Is it really good to disclose other people's privacy issues in the article?
A: first of all, I have coded all the information related to class flowers, roommates and myself, whether it's photos or everything else. As for the article that others really need to obtain the consent of others, I really didn't notice this problem in the first two articles, but I obtained the consent in this article, But because it involves the content of the article, I won't make it public first. I will make it public in the last article. Can you rest assured?
Is it appropriate to post "story articles" on a technology blog website? Is this article valuable on technology blog sites?
A: what are the criteria for judging the story text? Did my Banhua series articles not talk about technology? On the contrary, in my articles, technology is the core. The story is only for technology, but your eyes always focus on this story and don't care about my large code and analysis. Second, what are the criteria for judging whether there is value? What a deep and awesome technical article you write. As a result, 0 people see that you have not found the value point of your article output, the demand point of your audience group, and the core content of we media operation. You talk about the value with me and say that the judgment standard of blog is in the hands of users, If users like it, they can bring traffic to the website and quickly suck powder for you. Only when your articles are written and read by others and commented and collected by others can it show that your articles are valuable. Of course, if you are a person who uses love to generate electricity, write a blog, study and serve yourself, when I don't say it, you don't read it. I write it to my fans and my audience.

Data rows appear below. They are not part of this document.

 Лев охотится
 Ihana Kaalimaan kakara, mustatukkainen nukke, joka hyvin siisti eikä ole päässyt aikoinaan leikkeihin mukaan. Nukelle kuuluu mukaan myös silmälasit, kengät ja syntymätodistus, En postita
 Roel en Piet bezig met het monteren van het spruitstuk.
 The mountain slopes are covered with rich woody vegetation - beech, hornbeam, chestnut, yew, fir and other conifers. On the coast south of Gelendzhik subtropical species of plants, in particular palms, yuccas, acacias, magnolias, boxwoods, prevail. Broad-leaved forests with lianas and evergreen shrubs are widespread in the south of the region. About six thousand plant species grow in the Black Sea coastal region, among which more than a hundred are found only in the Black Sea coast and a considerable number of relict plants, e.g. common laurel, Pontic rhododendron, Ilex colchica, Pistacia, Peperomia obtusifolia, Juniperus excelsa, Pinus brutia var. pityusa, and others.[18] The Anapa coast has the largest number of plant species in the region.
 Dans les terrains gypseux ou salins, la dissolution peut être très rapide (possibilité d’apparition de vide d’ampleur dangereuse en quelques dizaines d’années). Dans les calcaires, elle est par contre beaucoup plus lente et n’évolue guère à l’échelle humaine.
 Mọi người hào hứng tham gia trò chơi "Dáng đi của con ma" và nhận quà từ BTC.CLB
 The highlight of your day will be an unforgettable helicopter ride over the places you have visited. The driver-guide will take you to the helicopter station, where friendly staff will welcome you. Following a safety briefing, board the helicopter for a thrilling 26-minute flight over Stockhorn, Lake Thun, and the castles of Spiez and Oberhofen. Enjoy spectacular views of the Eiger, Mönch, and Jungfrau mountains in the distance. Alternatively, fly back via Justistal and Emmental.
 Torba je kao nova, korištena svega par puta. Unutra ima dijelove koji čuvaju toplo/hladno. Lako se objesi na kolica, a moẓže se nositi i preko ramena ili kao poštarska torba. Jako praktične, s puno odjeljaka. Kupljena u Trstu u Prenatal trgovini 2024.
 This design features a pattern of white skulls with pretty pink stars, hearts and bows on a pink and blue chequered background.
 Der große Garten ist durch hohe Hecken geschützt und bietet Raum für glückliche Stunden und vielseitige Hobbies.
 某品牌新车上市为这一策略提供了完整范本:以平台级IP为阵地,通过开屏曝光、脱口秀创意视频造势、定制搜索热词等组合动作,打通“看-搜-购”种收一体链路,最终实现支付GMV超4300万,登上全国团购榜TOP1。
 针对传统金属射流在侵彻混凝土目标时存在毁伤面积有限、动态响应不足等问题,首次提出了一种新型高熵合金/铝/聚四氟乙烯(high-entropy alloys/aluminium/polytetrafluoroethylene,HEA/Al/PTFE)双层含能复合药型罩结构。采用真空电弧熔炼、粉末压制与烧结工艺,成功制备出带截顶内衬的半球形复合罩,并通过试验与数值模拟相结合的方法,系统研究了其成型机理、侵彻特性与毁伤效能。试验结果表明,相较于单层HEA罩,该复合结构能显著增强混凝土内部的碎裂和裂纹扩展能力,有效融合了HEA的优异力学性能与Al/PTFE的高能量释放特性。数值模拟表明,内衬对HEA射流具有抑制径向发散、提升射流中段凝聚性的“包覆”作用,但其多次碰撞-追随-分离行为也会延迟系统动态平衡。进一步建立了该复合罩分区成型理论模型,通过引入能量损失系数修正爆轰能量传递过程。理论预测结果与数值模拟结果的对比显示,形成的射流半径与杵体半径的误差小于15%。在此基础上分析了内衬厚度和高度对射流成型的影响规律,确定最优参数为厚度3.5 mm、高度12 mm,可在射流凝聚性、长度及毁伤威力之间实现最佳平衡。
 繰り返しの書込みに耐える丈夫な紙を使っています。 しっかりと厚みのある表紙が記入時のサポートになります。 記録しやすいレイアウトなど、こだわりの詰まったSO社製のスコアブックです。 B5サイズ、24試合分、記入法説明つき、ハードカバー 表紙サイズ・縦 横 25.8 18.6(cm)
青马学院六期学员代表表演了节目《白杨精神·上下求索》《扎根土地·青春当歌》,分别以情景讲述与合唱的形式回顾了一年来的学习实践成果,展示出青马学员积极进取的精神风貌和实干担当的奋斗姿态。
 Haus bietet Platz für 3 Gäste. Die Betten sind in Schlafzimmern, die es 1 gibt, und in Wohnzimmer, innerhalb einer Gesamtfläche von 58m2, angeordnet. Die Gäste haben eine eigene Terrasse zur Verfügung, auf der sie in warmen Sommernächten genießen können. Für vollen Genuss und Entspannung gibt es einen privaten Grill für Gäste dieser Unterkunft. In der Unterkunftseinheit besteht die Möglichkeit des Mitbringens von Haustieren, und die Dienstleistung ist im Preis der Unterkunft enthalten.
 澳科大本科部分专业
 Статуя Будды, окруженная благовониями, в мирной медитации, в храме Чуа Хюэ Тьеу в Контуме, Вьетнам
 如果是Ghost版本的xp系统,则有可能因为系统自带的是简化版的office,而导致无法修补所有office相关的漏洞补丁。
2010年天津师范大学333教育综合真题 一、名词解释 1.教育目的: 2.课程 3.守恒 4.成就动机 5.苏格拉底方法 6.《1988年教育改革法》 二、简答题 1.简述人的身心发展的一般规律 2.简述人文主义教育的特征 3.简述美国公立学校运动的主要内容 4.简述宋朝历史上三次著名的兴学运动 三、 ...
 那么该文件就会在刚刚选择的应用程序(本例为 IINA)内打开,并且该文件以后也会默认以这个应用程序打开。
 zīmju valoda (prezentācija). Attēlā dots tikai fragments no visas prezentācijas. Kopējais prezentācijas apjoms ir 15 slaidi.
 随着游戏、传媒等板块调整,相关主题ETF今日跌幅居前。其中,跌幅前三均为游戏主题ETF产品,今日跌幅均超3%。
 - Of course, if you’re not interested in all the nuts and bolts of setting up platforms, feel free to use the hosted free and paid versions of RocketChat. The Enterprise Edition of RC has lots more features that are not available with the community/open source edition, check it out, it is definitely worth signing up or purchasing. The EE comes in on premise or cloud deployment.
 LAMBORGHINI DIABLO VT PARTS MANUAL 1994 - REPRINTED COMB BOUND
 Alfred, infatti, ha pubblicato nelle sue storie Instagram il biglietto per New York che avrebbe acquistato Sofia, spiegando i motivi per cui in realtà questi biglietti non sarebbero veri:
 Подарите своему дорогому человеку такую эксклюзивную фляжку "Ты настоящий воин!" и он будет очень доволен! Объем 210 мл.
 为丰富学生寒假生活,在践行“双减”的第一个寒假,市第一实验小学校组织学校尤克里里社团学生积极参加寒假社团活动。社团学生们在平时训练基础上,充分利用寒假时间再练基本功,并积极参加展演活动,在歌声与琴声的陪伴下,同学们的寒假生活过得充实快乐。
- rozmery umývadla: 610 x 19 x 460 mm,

What I really write down is the recognition of the fans. Their comments, likes and collections make me feel that the content I output is valuable, accepted by the public, and can have empathy with them.
Industry data: add to get PPT template, resume template, industry classic book PDF.
Interview question bank: the classic and hot real interview questions of large factories over the years are continuously updated and added.
Learning materials: including Python, crawler, data analysis, algorithm and other learning videos and documents, which can be added and obtained
Communication plus group: the boss points out the maze. Your problems are often encountered by others. Technical assistance and communication.